- **YOUR TASK**
Skip the pictures, and retype the data below in full, exactly.

- **RECORD EXCERPTS**
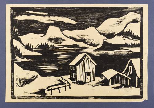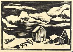 Deutscher Grafiker. – „Holzhäuser am Gebirgssee”.
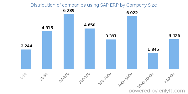 Of all the customers that are using SAP ERP, 20% are small (<50 employees), 44% are medium-sized and 36% are large (>1000 employees).
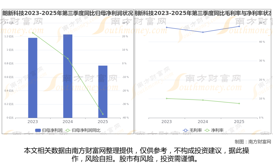 于2025年第三季度,朗新科技披露了其业绩表现(如上图),其中主营业务收入9.04亿元,相较于去年同期-21.48%。
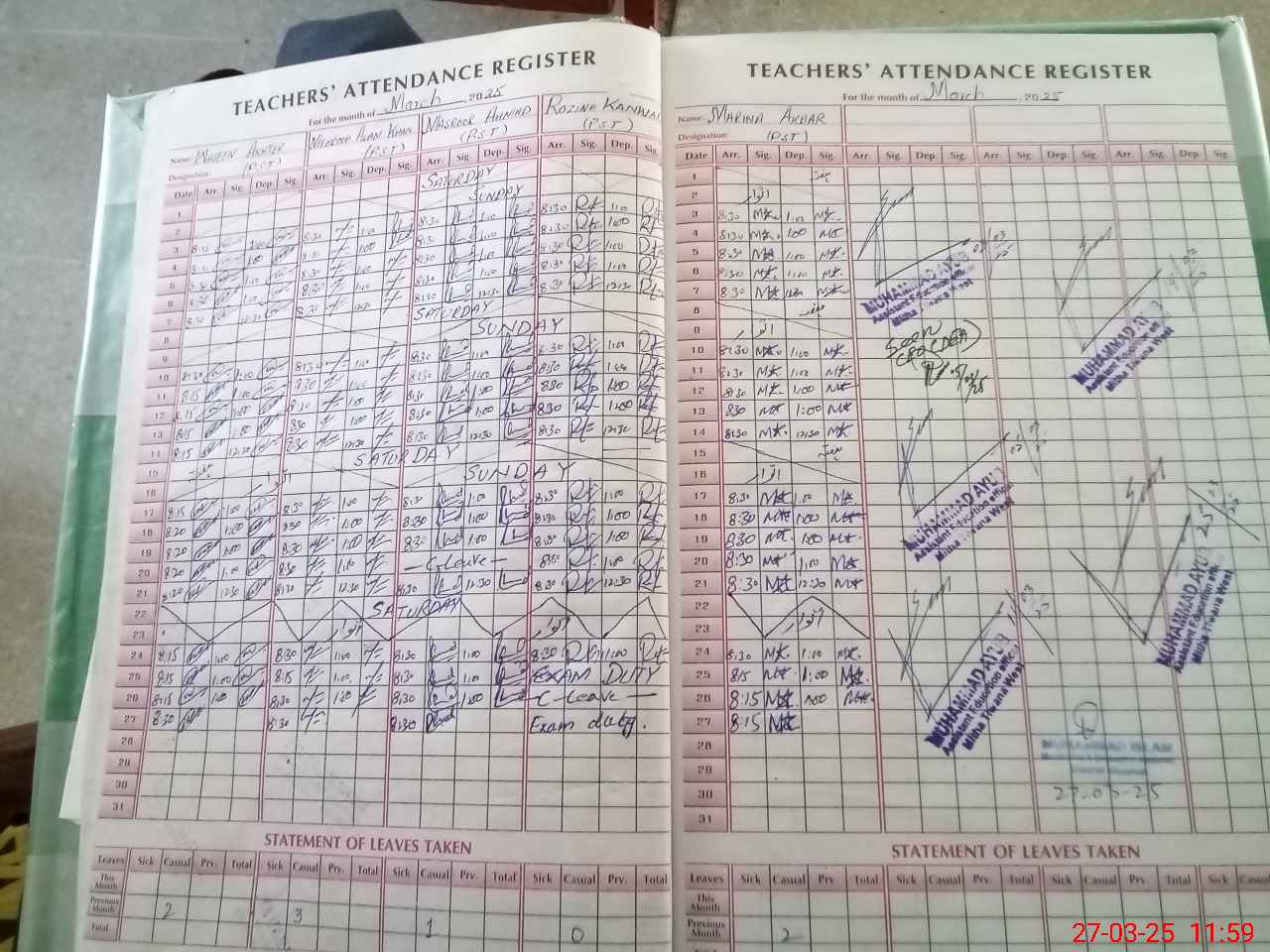 | 38**** | Ro**** Ka**** | PST | Regular | 0 | 0 | 0 | 0 | 0 | 0 | 0 | 0 | 0 | Exam Duty |
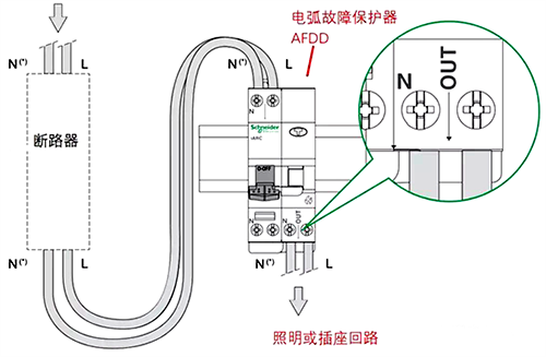 電弧故障保護器應設置在末端配電箱的進線開關下側,其額定電流值應與進線回路保護開關一致;
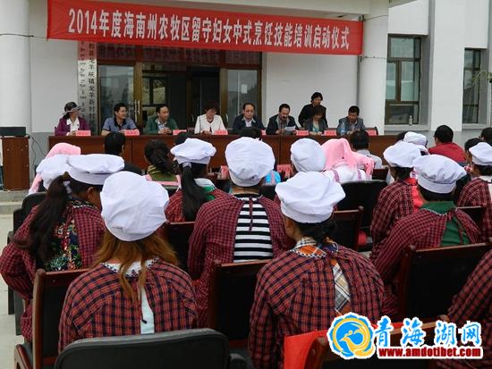 为切实提高我州偏远牧区妇女烹饪技能和家庭饮食质量,大力倡导健康饮食方式,促进家庭和谐、社会进步。根据州委安排和省妇联、省人力资源社会保障厅《关于在海南农牧区留守妇女中开展技能培训试点工作的通知》(青妇发〔2014〕24号)文件精神,州妇联、州人力资源社会保障局联合启动了“千人烹饪培训计划”。首期烹饪培训于6月19日在共和县龙羊镇龙羊新村正式开班。参加开班仪式的有州人力资源社会保障局局长纳玉福、州妇联主席赵桂莲、州人力资源社会保障局副局长东智尖参、州就业局局长宗果,青海饭店业培训学校校长宋桂兰及五县妇联主席、就业局局长、共和县龙羊镇党委书记、乡镇长,龙羊新村党支部书记、村长以及参加此次培训班的学员共 110 人。启动仪式有州人力资源社会保障局副局长东智尖参主持。这次培训主要有以下四个特点:

- **RESPONSE TO THE TASK**
 Deutscher Grafiker. – „Holzhäuser am Gebirgssee”.
 Of all the customers that are using SAP ERP, 20% are small (<50 employees), 44% are medium-sized and 36% are large (>1000 employees).
 于2025年第三季度,朗新科技披露了其业绩表现(如上图),其中主营业务收入9.04亿元,相较于去年同期-21.48%。
 | 38**** | Ro**** Ka**** | PST | Regular | 0 | 0 | 0 | 0 | 0 | 0 | 0 | 0 | 0 | Exam Duty |
 電弧故障保護器應設置在末端配電箱的進線開關下側,其額定電流值應與進線回路保護開關一致;
 为切实提高我州偏远牧区妇女烹饪技能和家庭饮食质量,大力倡导健康饮食方式,促进家庭和谐、社会进步。根据州委安排和省妇联、省人力资源社会保障厅《关于在海南农牧区留守妇女中开展技能培训试点工作的通知》(青妇发〔2014〕24号)文件精神,州妇联、州人力资源社会保障局联合启动了“千人烹饪培训计划”。首期烹饪培训于6月19日在共和县龙羊镇龙羊新村正式开班。参加开班仪式的有州人力资源社会保障局局长纳玉福、州妇联主席赵桂莲、州人力资源社会保障局副局长东智尖参、州就业局局长宗果,青海饭店业培训学校校长宋桂兰及五县妇联主席、就业局局长、共和县龙羊镇党委书记、乡镇长,龙羊新村党支部书记、村长以及参加此次培训班的学员共 110 人。启动仪式有州人力资源社会保障局副局长东智尖参主持。这次培训主要有以下四个特点:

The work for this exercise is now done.